- [Exercise data]
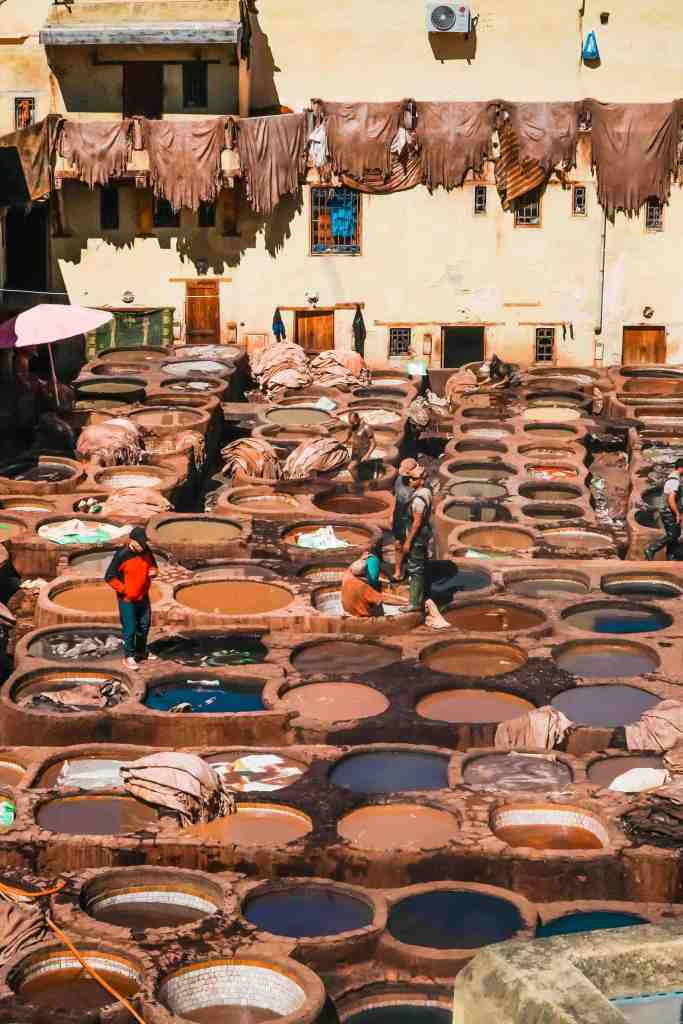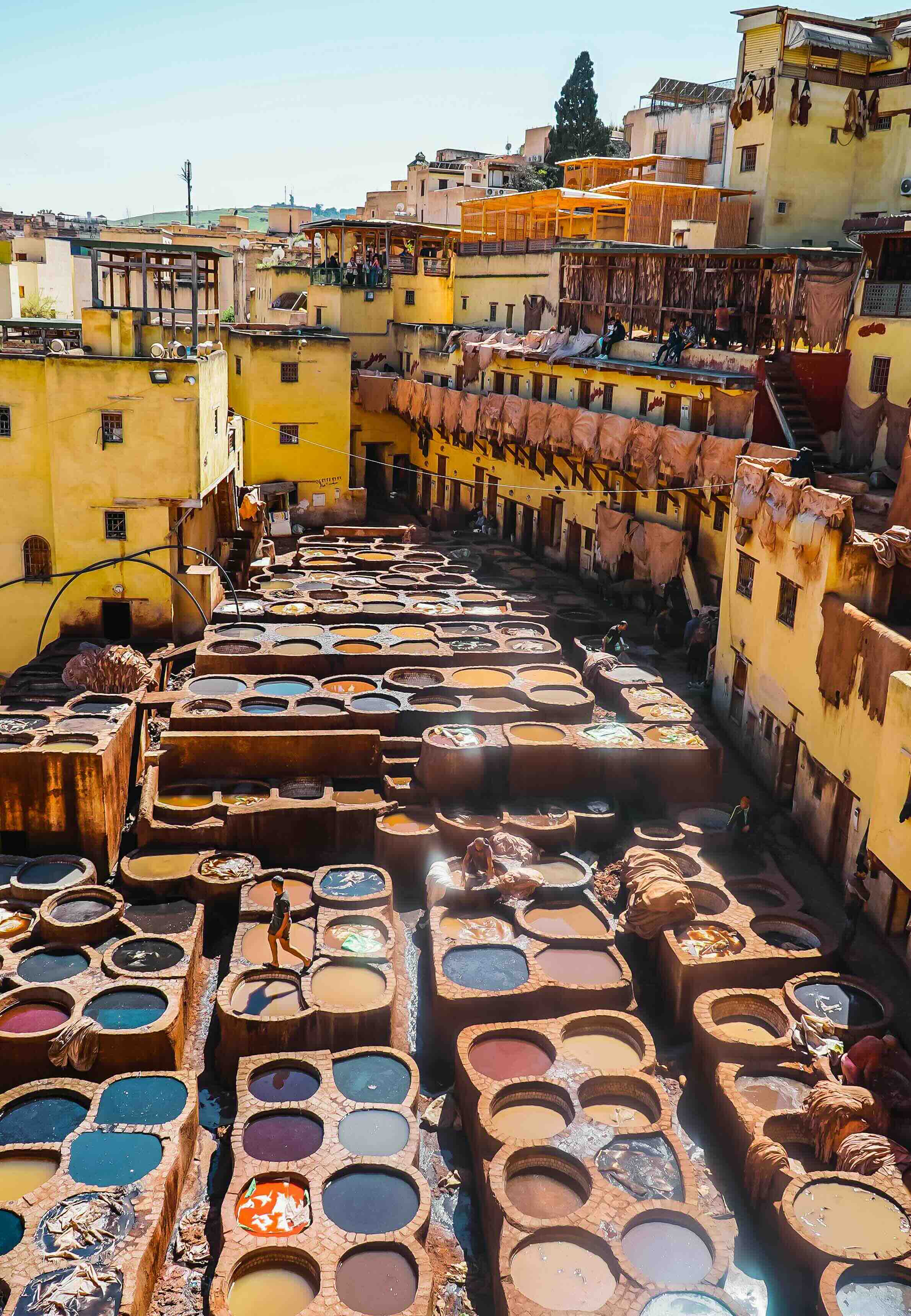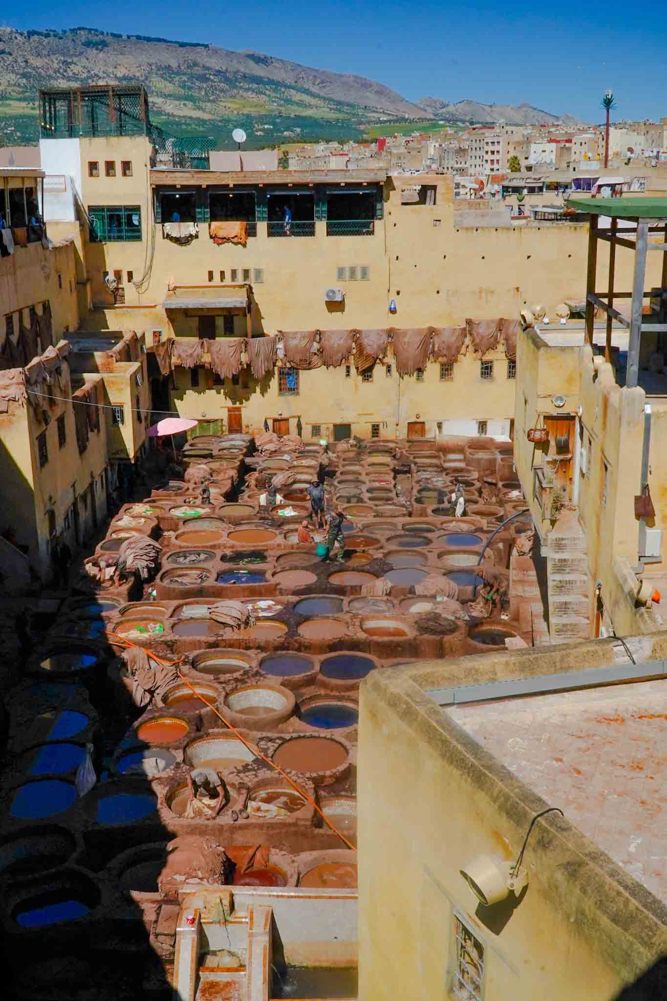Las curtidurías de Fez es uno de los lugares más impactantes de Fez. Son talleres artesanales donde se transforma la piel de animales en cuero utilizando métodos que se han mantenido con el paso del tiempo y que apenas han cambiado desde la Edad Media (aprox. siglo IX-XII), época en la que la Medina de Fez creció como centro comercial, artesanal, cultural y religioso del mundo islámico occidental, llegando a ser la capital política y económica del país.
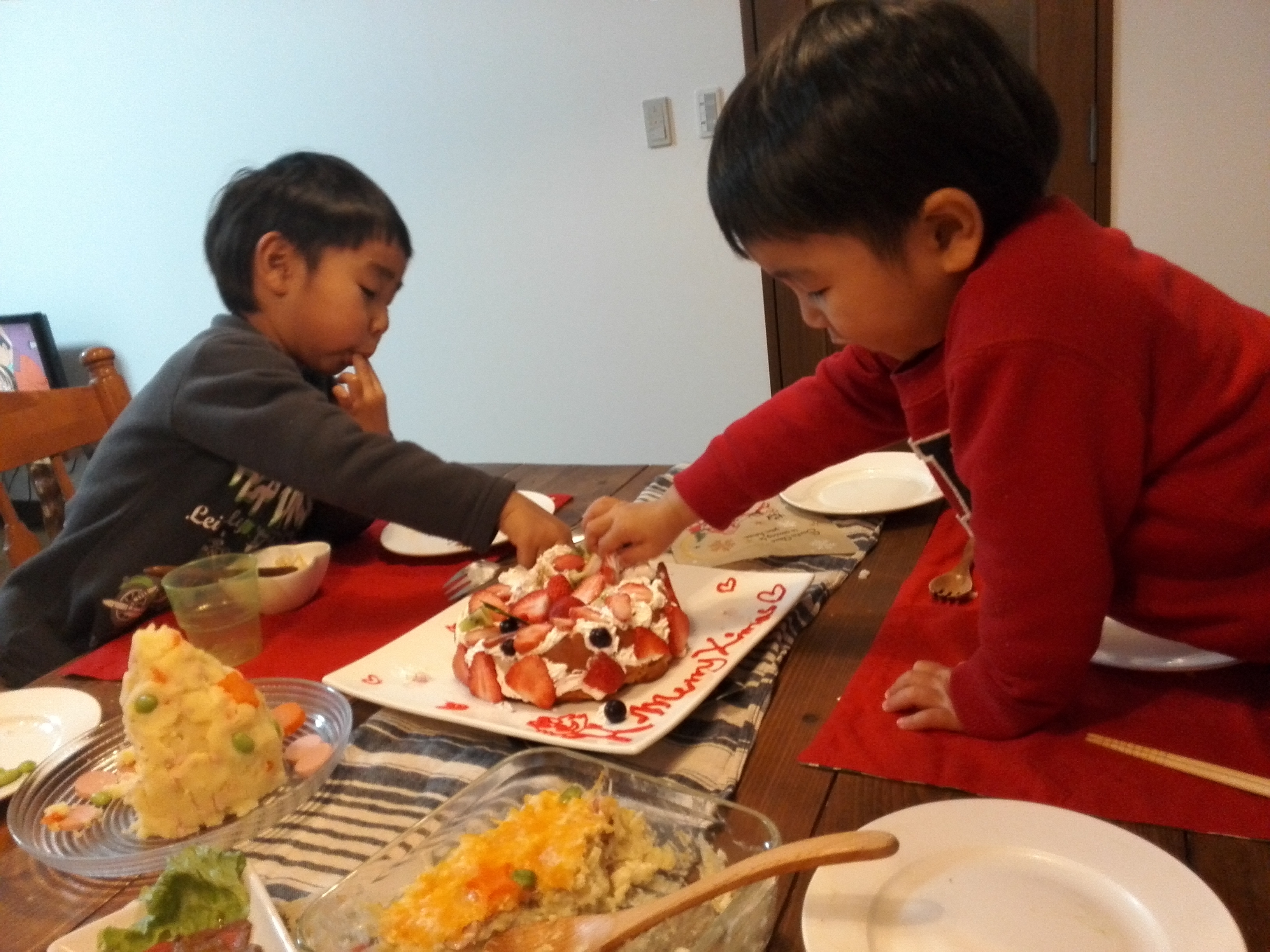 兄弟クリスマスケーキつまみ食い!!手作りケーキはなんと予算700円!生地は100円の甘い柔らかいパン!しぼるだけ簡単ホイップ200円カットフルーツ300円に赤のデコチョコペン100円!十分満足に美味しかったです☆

---

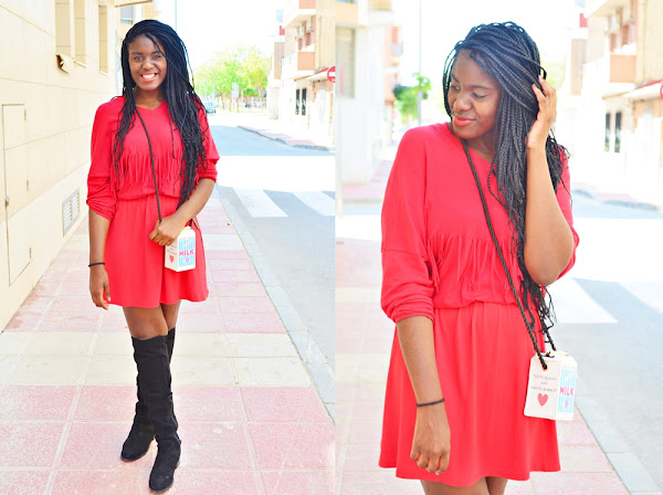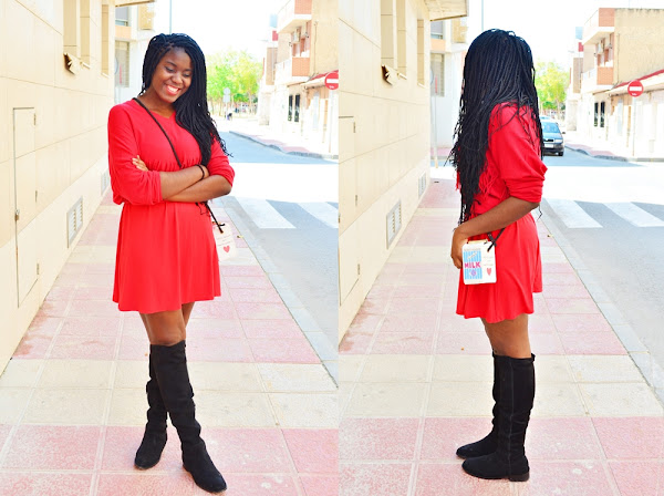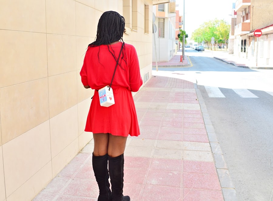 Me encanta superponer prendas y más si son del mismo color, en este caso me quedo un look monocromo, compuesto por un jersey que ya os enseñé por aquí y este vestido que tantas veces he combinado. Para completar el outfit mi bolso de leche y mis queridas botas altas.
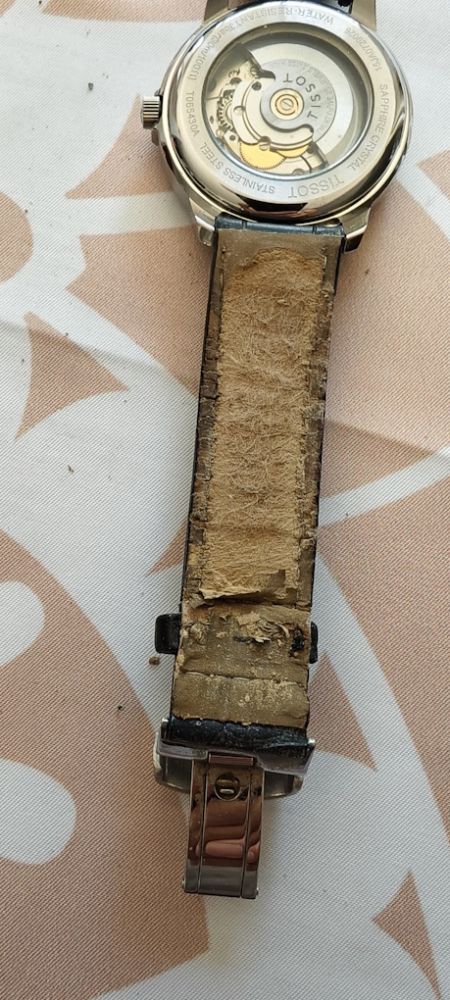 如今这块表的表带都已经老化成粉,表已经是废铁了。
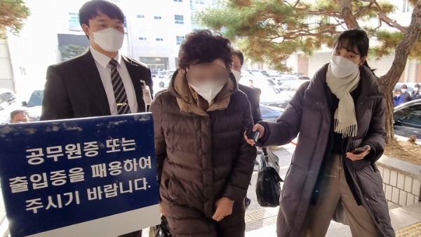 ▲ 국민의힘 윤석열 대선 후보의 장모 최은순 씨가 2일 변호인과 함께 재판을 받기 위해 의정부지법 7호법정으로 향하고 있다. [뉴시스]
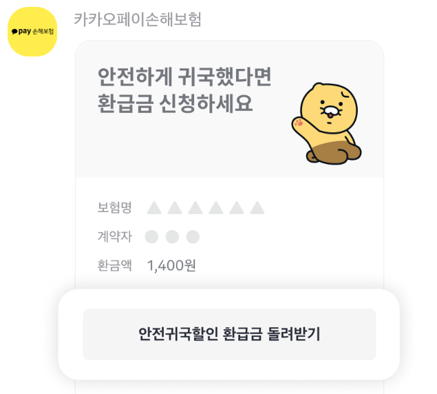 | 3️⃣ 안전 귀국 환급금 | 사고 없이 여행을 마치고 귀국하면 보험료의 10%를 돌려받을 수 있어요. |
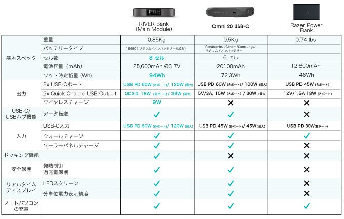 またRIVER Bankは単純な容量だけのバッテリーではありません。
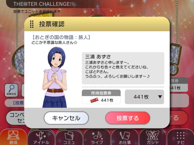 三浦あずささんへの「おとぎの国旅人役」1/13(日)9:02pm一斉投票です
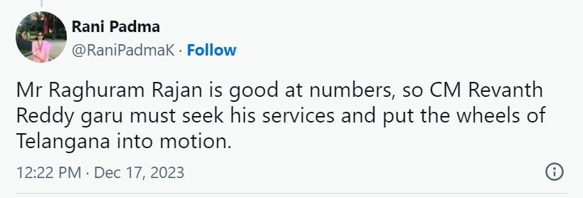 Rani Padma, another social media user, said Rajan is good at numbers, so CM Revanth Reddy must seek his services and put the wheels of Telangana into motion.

---

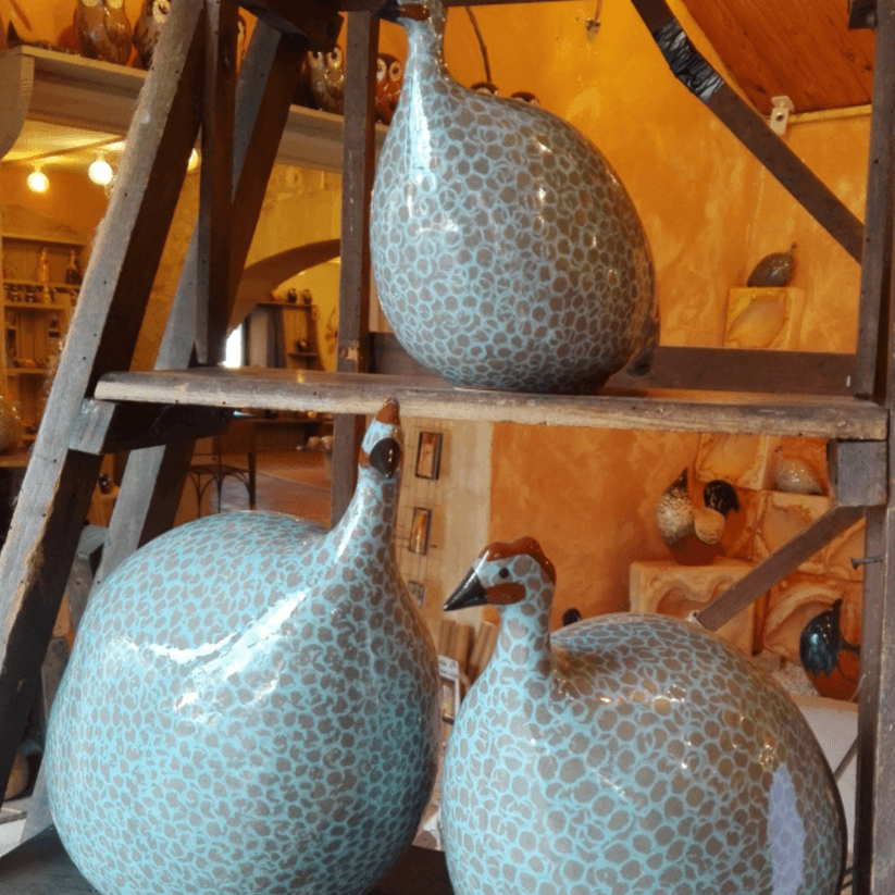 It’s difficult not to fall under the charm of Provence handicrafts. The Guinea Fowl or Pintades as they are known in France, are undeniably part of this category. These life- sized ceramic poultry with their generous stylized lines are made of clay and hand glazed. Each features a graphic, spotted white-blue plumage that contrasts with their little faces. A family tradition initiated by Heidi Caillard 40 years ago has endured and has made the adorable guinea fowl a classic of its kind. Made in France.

- [What to produce]
Your answer must be the exact lines from the records above, from the one containing "Las curtidurías de" through the one containing "兄弟クリスマスケーキつまみ食", both included, with every picture left out.

- [Written solution]
Las curtidurías de Fez es uno de los lugares más impactantes de Fez. Son talleres artesanales donde se transforma la piel de animales en cuero utilizando métodos que se han mantenido con el paso del tiempo y que apenas han cambiado desde la Edad Media (aprox. siglo IX-XII), época en la que la Medina de Fez creció como centro comercial, artesanal, cultural y religioso del mundo islámico occidental, llegando a ser la capital política y económica del país.
 兄弟クリスマスケーキつまみ食い!!手作りケーキはなんと予算700円!生地は100円の甘い柔らかいパン!しぼるだけ簡単ホイップ200円カットフルーツ300円に赤のデコチョコペン100円!十分満足に美味しかったです☆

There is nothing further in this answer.